Minimum Detectable Effect Size Computations for Cluster-Level Regression Discontinuity: Quadratic Functional Form and Beyond
Metin Bulus

TL;DR
This paper extends power calculation formulas for cluster-level regression discontinuity designs to quadratic and beyond functional forms, providing practical tools and insights for researchers to determine minimum detectable effects under various conditions.
Contribution
It introduces extended formulas for power analysis assuming quadratic functional form and an empirical framework for untraceable variance, implemented in R tools.
Findings
Quadratic functional form simplifies interaction concerns.
Sample size varies with functional form and truncation symmetry.

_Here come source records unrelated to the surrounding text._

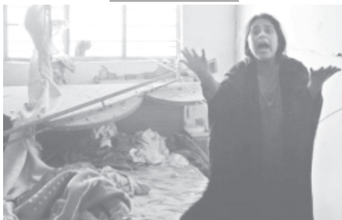
An Iraqi woman weeps after her house was damaged in a car bomb explosion in central Baghdad, on 14 July, 2004.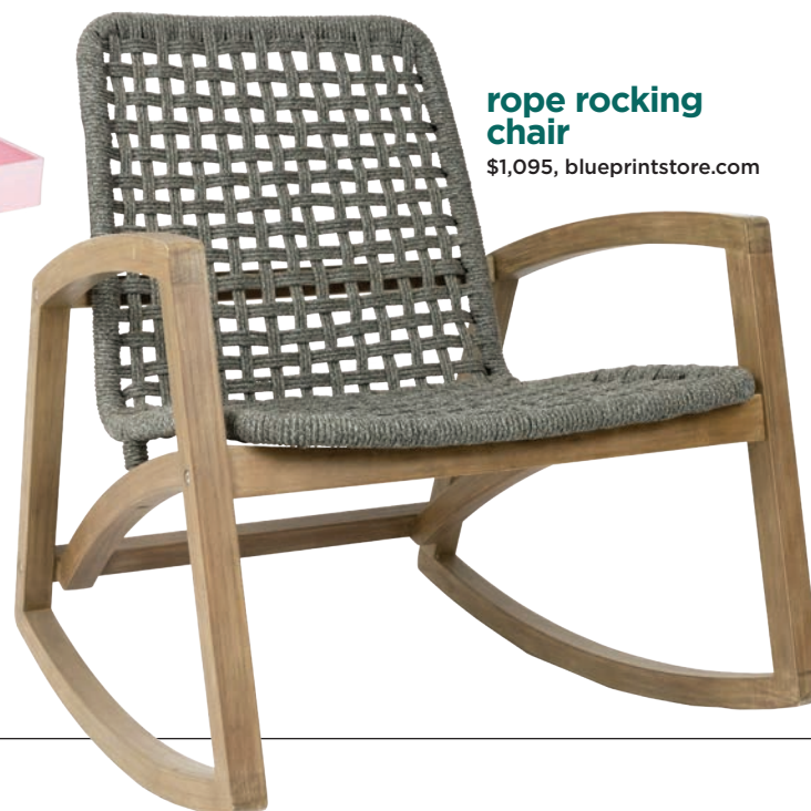
rope rocking chair $1,095, blueprintstore.com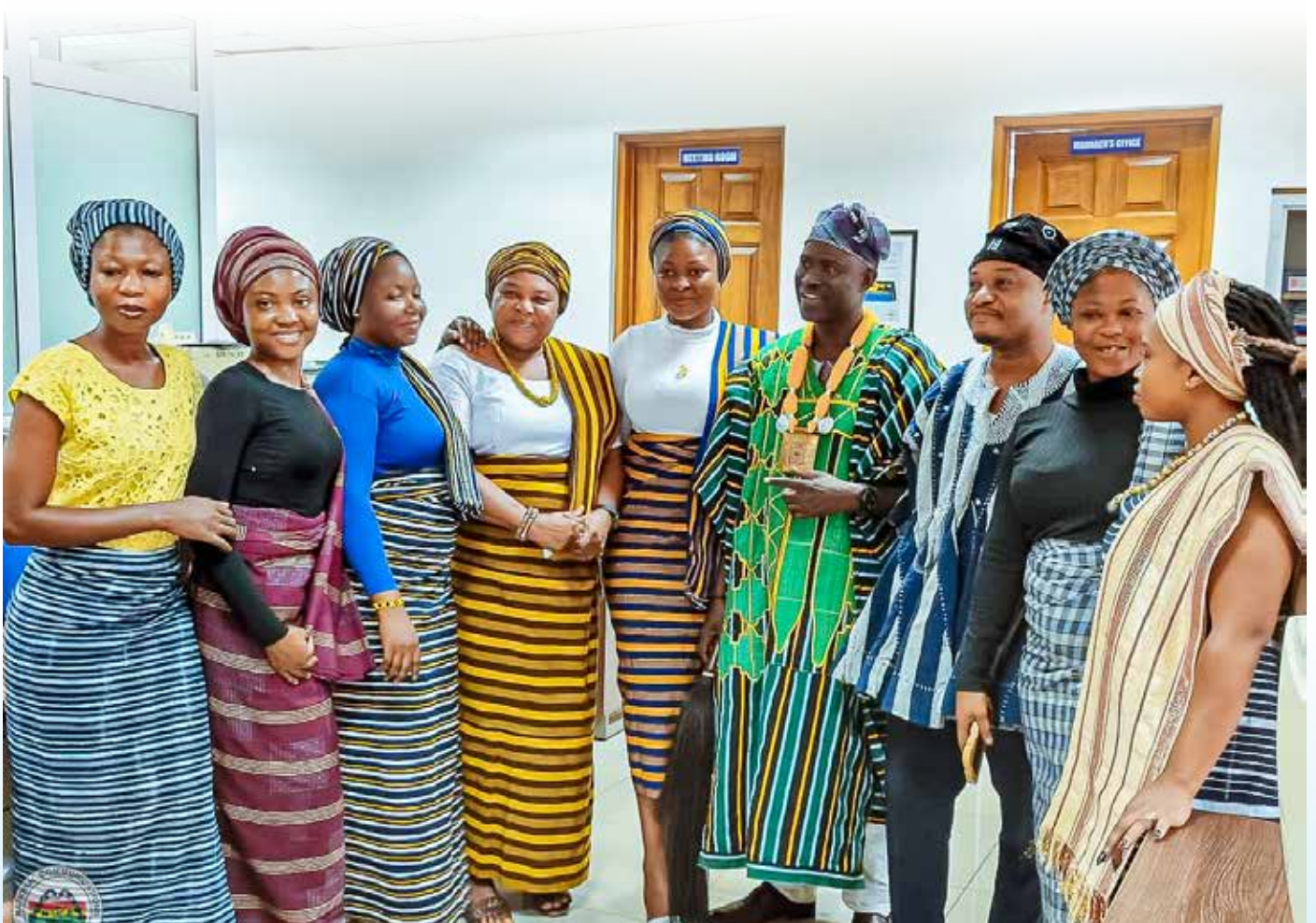
Beautiful scenes from the Tamale Zonal Office. This is a classy display of rich culture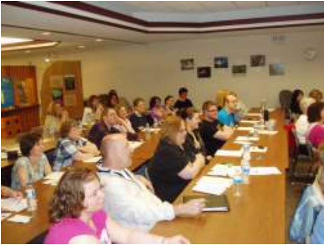
Public Health employees at Annual Staff Retreat held at Kent Park Education Center.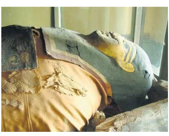
Fig (7) the last layer of textile

3-The mummy was covered by a large piece of textile, by examining it, we recognized that it was not original, it's modern textile and perhaps it used from the time of sending it from Egypt to Jaipur .The original textile found as small pieces pot above this layer.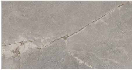
CARDIGAN GRIS 62X120 - 24,4"X47,2"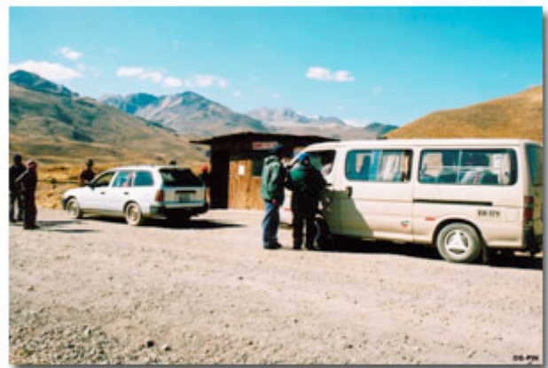
Catac community members charging tourists to enter the sector

Another problem in tourist sectors are vendors and peddlers. During an interview, the director of the mountaineering school explains what has happened in Huaraz. He said, "since I was a boy, I would go to the mountains. I would come across rural farmers checking on their animals and only once in awhile would I run into a foreigner. Now, with tourism on the rise in Peru, there are tourist refuges in the park and people who compete with those refuges, such as street vendors and peddlers. Two years ago, I was in Ishinka and there were a couple of young teens from Huaraz selling sandwiches and soda pop. Apparently, someone had told them that the established lodge in the area had expensive food, so they decided to come an offer cheap food at Ishinka base camp. I was surprised and told them that the park guards were going to show up and remove them from the area. Well, the next week, the teens were still selling. I have not going to Ishinka this year, but colleagues tell me that three kiosks have been set up. This shows that the park administration is getting weaker and losing more control." 69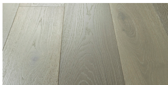
La Jolla Oak AV75OLAJ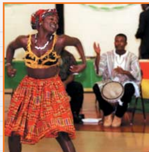
Culture • Traditional dances in Zambia are used for tribal ceremonies and entertainment. ▲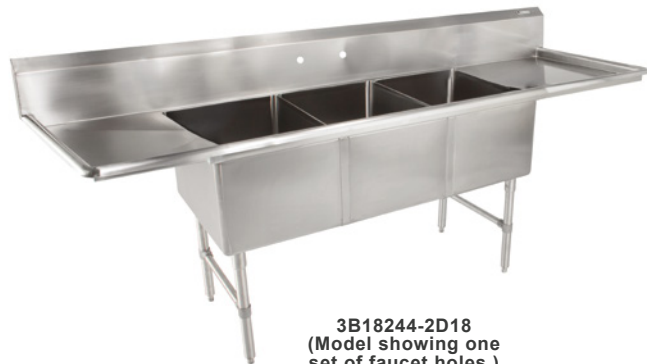
3B18244-2D18 (Model showing one set of faucet holes.)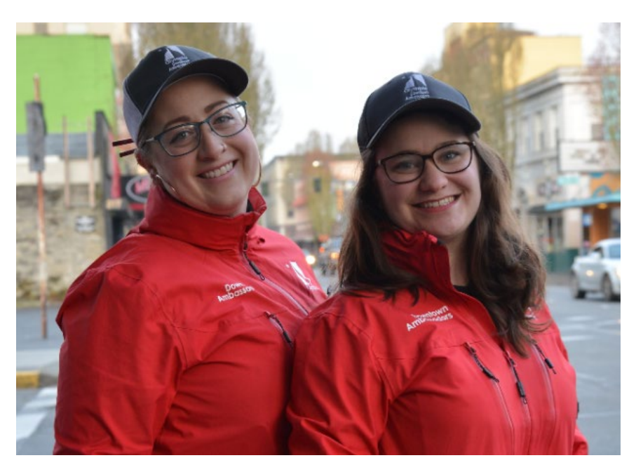
Downtown Ambassadors assist street dependent homeless and mentally ill people.

The City funded the Downtown Ambassador Program, first through the Capital Recovery Center, then bringing the program in-house. This team provided services and referrals on 3,414 occasions for homeless, mentally ill and street dependent people in Olympia's urban hub. This program is paired with the City-funded Downtown Clean Team that provides downtown clean-up services. The City allocated $55,000 and expended $52,089.07 in CDBG funds.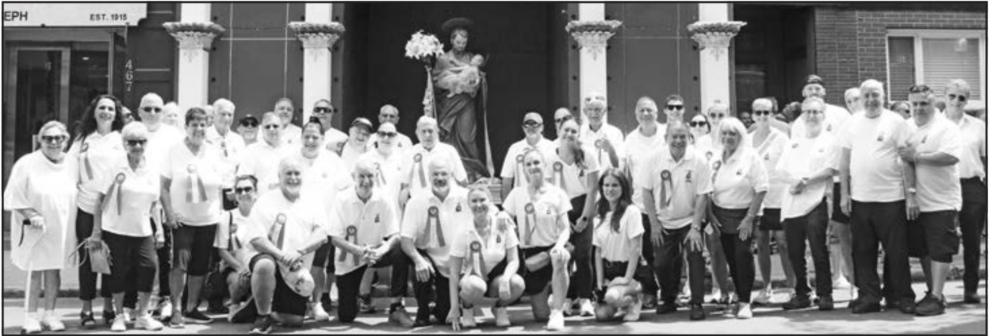
Society Members in front of the St. Joseph Club on Hanover Street preparing to begin the annual procession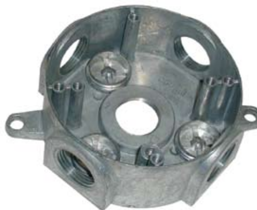
ZINC NATURAL FINISH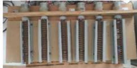
Fig.9 PROTOTYPE MODEL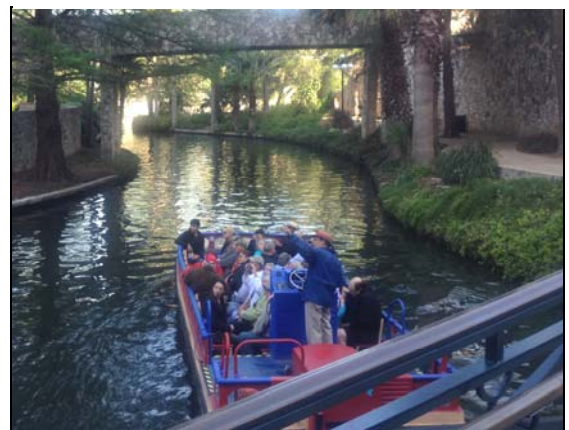
Along the San Antonio Riverwalk . . .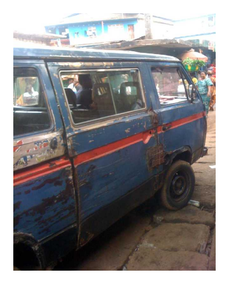
Mini bus (poda poda) at Elk Street

During our visits to the Kenema station, review of document revealed that vehicle examiners issued certificates of fitness and licenses to vehicles without completion of checklist and signature on them.

Extended empirical framework aids power calculations when variance is unknown.
Abstract
This study extends power formulas proposed by Schochet (2008) assuming that the cluster-level score variable follows quadratic functional form. Results reveal that we need not be concerned with treatment by linear term interaction, and polynomial degree up to second order for symmetric truncation intervals. In comparison, every slight change in the functional form alters sample size requirements for asymmetric truncation intervals. Finally, an empirical framework beyond quadratic functional form is provided when the asymptotic variance of the treatment effect is untraceable. In this case, the CRD design effect is either computed from moments of the sample or approximate population moments via simulation. Formulas for quadratic functional form and the extended empirical framework are implemented in the cosa R package and companion Shiny web application.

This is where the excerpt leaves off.